→ RECORDS FOR THE EXERCISE
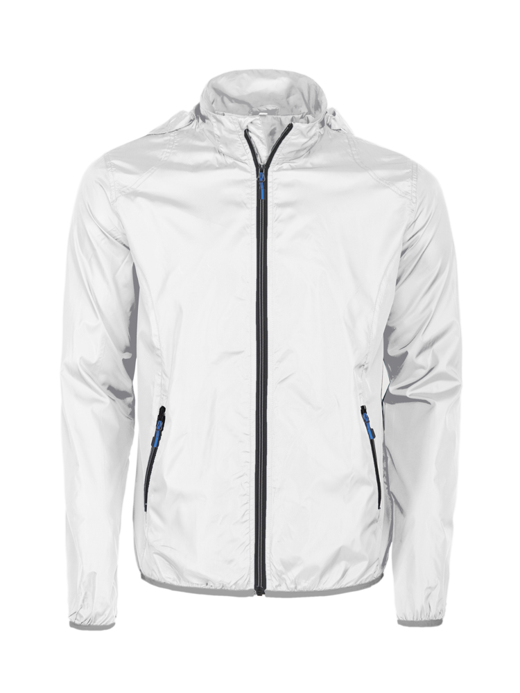 Lichte windbreaker met afneembare capuchon. De hele jas kan bijeen gepakt worden in één van de voorzakken en kan daardoor compact gedragen worden aan een riempje. Tweekleurige ritssluiting. Zipper pullers in contrasterende kleur. Deze kunnen indien gewenst vervangen worden door één van de andere beschikbare kleuren.
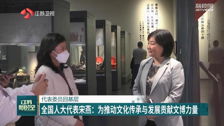 全国人大代表、江苏台主持人张晓北:“全国人大代表宋燕在今年两会上讲述的关于这扇‘最美落地窗’的故事,引发了大家的强烈共鸣。透过这扇窗,我们看到了文博人对保护好、传承好、利用好历史文化遗产的思考与探索,同时也感受到了‘博物馆热’背后的巨大潜力。从北京回来后,宋燕代表把两会精神带到了基层。”
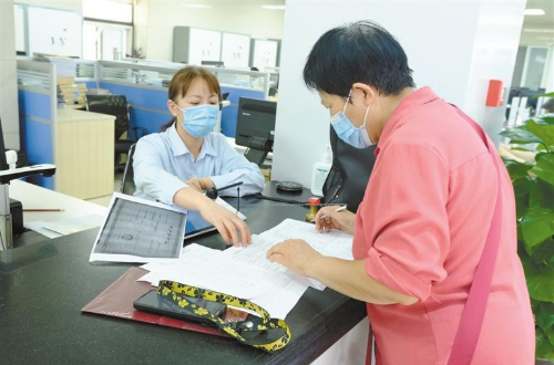 八月二十九日,西安市民王曉華(右)在西安住房公積金管理中心辦事大廳辦理貸款業(yè)務(wù)。 記者 田若楠攝
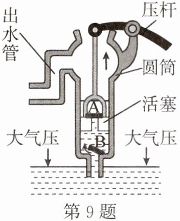 9. 如图所示是活塞式抽水机的工作原理图。关于活塞式抽水机,下列说法错误的是()
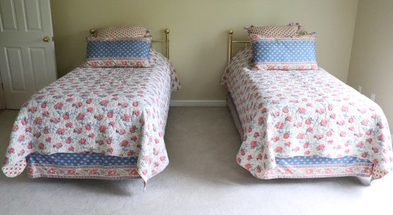 Twin beds with frames on wheels, headboard, bedding (not sheets), decorative pillows, mattresses and box spring are like new.

→ EXERCISE DESCRIPTION
The pictures should be dropped, and every line above should be set down again exactly.

→ RESPONSE AREA
 Lichte windbreaker met afneembare capuchon. De hele jas kan bijeen gepakt worden in één van de voorzakken en kan daardoor compact gedragen worden aan een riempje. Tweekleurige ritssluiting. Zipper pullers in contrasterende kleur. Deze kunnen indien gewenst vervangen worden door één van de andere beschikbare kleuren.
 全国人大代表、江苏台主持人张晓北:“全国人大代表宋燕在今年两会上讲述的关于这扇‘最美落地窗’的故事,引发了大家的强烈共鸣。透过这扇窗,我们看到了文博人对保护好、传承好、利用好历史文化遗产的思考与探索,同时也感受到了‘博物馆热’背后的巨大潜力。从北京回来后,宋燕代表把两会精神带到了基层。”
 八月二十九日,西安市民王曉華(右)在西安住房公積金管理中心辦事大廳辦理貸款業(yè)務(wù)。 記者 田若楠攝
 9. 如图所示是活塞式抽水机的工作原理图。关于活塞式抽水机,下列说法错误的是()
 Twin beds with frames on wheels, headboard, bedding (not sheets), decorative pillows, mattresses and box spring are like new.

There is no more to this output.